His brain, his eyes, returned, rubber banded back by his nerves and veins. He felt sick.

He jogged, then paced, then walked. He could feel his eyes turn unintentionally scarlet and he could feel his lungs pressing for air and he closed his mouth to stop that urgent feeling. The feeling of a throbbing head and heart, the feeling of suffocation. He turned away from the Old Man and stood tall and calm to at least appear cordial. He almost reached the door and was one his eighth step, it felt like a plank walk on the end of a ship. Then the Old Man rose. Apollo could hear the leather chair stretch and scratch.

“You’re a missionary, aren’t ya?” The Old Man said, he pulled his head back and almost laughed in a burlesque tone. “Did you ever end up duping anyone into believing that garbage?” 

“No.” Apollo felt stiff as if trapped by a barb wire entanglement. Moving hurt, breathing hurt, living hurt.

“I thought as much.” The Old Man looked down again. He leaned over and from the floor picked up another block of wood, red oak. “Hope is a tough thing to sell.” 

The words sank into Apollo, like an ancient monument inside of him had finally corroded at its stand and fell, it collapsed on him and he could feel the dirt and dust pushing him away. His shoulder hunched over. He moved his hands to a shelf and left the free cigarettes next to a golden bag of potato chips. He left. The doorbell rung. He did not look to anyone as he made it to his car. He sat down, took a breath and fixed his rear side windows, there was a reflection of a stranger in the glass. He couldn’t make out the face, it was foreign to him. He could only tell that the face looked a bit sad, a bit teary eyed, and very pale. He closed his eyes, tried to remember what he looked like, a few words came to mind. Tall, brown, unyielding. He didn’t see any of that. Only the figure of the blond-haired, pale-faced girl.

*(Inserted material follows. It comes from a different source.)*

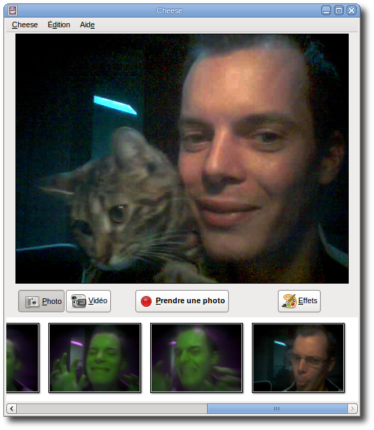 - Cheese : il s’agit d’une petite application qui prend en charge la webcam pour réaliser facilement des photos ou des vidéos. Ce logiciel se présente exactement comme Photo Booth sous Mac OS X (Tiger et Leopard) et permet en conséquence d’appliquer des effets de déformations et autres joyeusetés.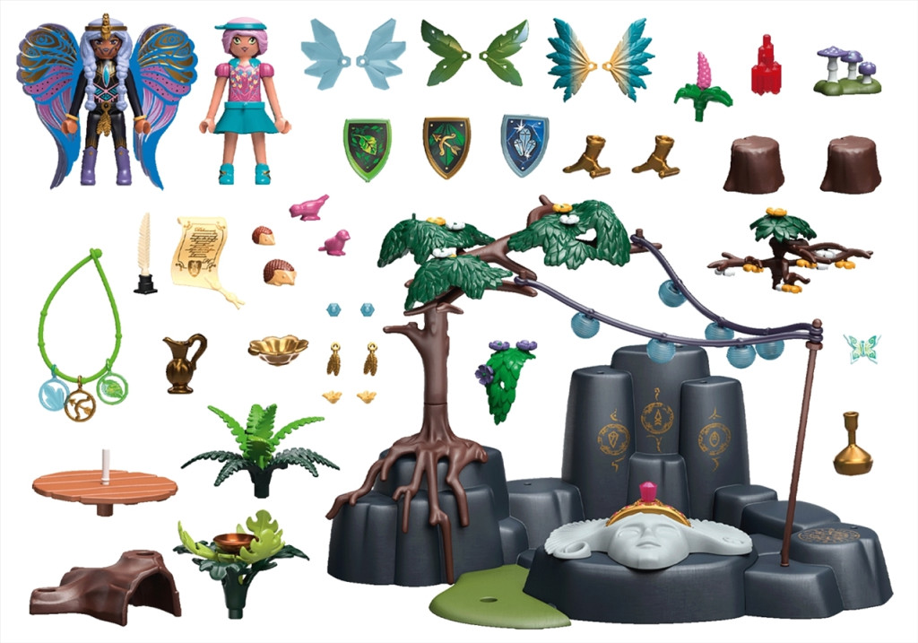A szett tartalma : 1 db Luyana sámántündér figura, 1 db Hildi tündér figura, 1 db szertartási helyszín, 1 db kő tündérfej beépített mágikus kristállyal és szimbólumokkal, 3-féle tündérszárny párban, 1 db oklevél, 1 db asztal, 1 db világító fényfüzér, erdei élőlények és sok-sok egyéb kiegészítő.

He needed to drive. Away, anywhere. But where? Anywhere! But. Where? 

And he decided under some uncertain terms that he would just go to the lake, not to do anything in particular, but just to fill his lungs with fresh air. Not to meet or see or do anything, but just to live there on the edge of the body of water. Even if just for a moment. 

A moment, that’s it. He’d just go there for a moment.